I accidentally downloaded an Audible.com version of book I’m reading...went to remove bookmark and had bad aim...not trying to get my money back, but, is there a way to make it where you have to login again to OK purchase...

on a different kind of device I have, you have to put in your 5 digit security code before approving an Amazon purchase...


----------



## Linjeakel (Mar 17, 2010)

Not sure about being able to stop accidental ordering, but you can return an Audible purchase for some months after you get it and get your money/credit refunded straight away. You can return for pretty much any reason, including accidental purchase or even if you simply didn't like it. I'm sure there'd be a limit on how may times you could do that but I've never had a return refused.

Just log into your Audible account and go to account details / purchase history and any book that is returnable will have a 'return title' button to click on.

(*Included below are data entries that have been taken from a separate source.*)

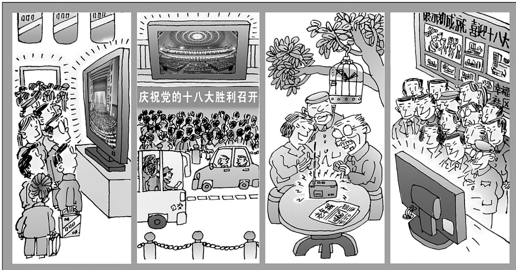
聚焦盛会 耳目一新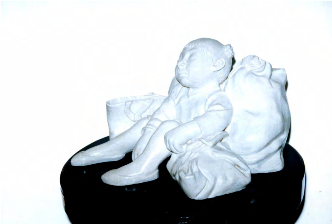
Unjaña. Mármol. (Vas a ver) 48 x72 cm. 1988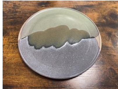
KO GO AD/AP

Ass Plate Graphit/Opaline D20 ou D 25 cm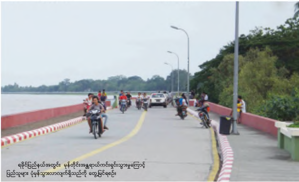
ရခိုင်ပြည်နယ်အတွင်း မုန်တိုင်းအန္တရာယ်ကင်းရှင်းသွားမှုကြောင့် ပြည်သူများ ပုံမှန်သွားလာလျက်ရှိသည်ကို တွေ့မြင်ရစဉ်။

ကြော်ငြာ စာမျက်နှာ အပိုပါရှိ ယနေ့ထုတ် ကြေးမုံသတင်းစာ တွင် ကြော်ငြာ ကားခရီးယ လေးမျက်နှာ အပိုပါရှိပါသည်။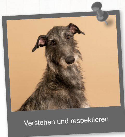
Verstehen und respektieren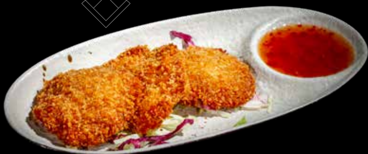
90 POLPETTE DI GAMBERI*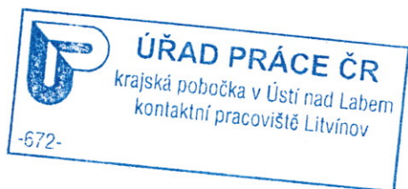
Jana Bednářová specialista dávek HN

Poučení: Pokud nesplníte povinnost, kterou Vám ustanovuje náš úřad na této výzvě, může Vám být podle § 49 odst. 5 zákona o pomoci v hmotné nouzi dávka nepřiznána.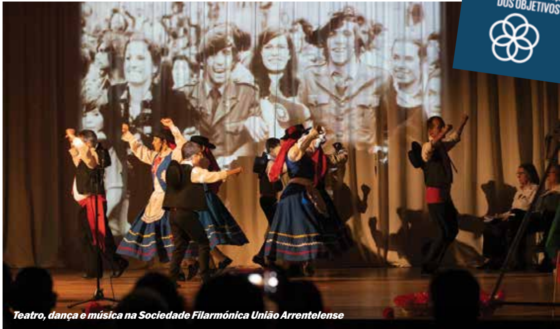
Teatro, dança e música na Sociedade Filarmónica União Arrentelense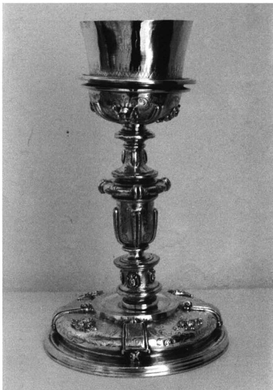
Fig. 2. Cáliz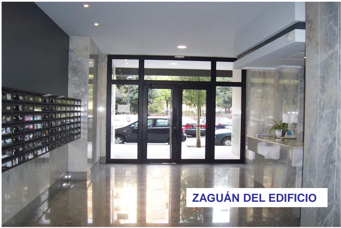
ZAGUÁN DEL EDIFICIO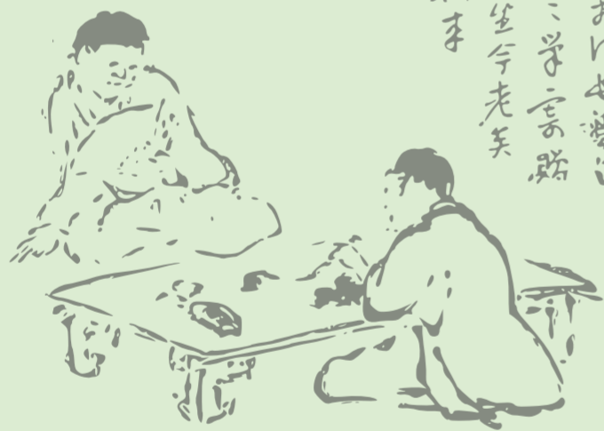
品梅筵 鈴木惕軒 書 片桐遜堂 画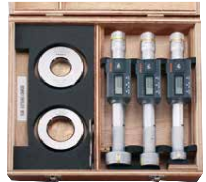
不可更换的测头套装 * 详细信息参见 C-6页。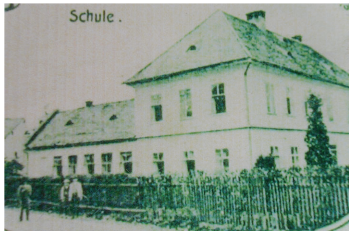
foto 3 - budova dnešního obecního úřadu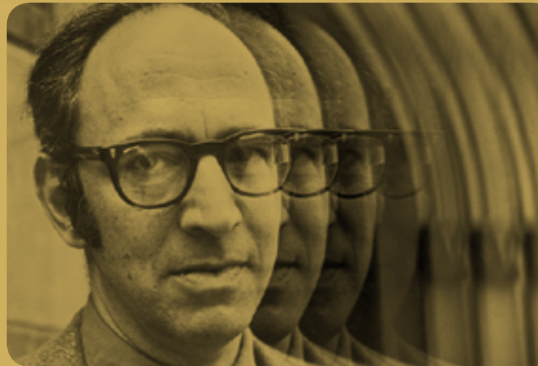
Thomas Kuhn (1922-1996)

y americanas, ¿Por qué se institucionaliza? porque fue considerada el medio adecuado para la formación de los empleados del Estado, en el contexto de la colonización, la lucha por África.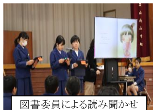
図書委員による読み聞かせ

26日(水)に実施した人権集会では、各学年から標語やポスターの発表、縦割り班によるアイスブレイキングや人権クロスロード、読み聞かせや6年生の平和宣言など、参加体験型の活動を通して自分自身のこれまでを振り返り、相手の立場に立って考えることの大切さを見つめ直す機会となりました。感想や振り返りを伝え合う時間もあり、わたしたち大人もいろいろと学ぶことができました。この他にも、人権月間を踏まえてトイレのスリッパ並べのポスター作成や「ありがとうメッセージ」の掲示、一人一鉢のプレートづくり、あいさつ運動など心が温くなる取組を考えてれています。これからも山北の子どもたちが、心優しく育ってくれることを願っています。

I have books purchased as far back as September last year which are still showing as returnable. 

Note: I'm assuming here that Audible US and Audible UK work in the same way, but I see no reason why they wouldn't.


----------



## Andra (Nov 19, 2008)

If you are reading on a Fire I don't know if you can set a code unless you turn on the parental controls - and that may be more annoying than helpful...
But Amazon will refund the purchase.  Just choose "accidental purchase" when you go through the process.


----------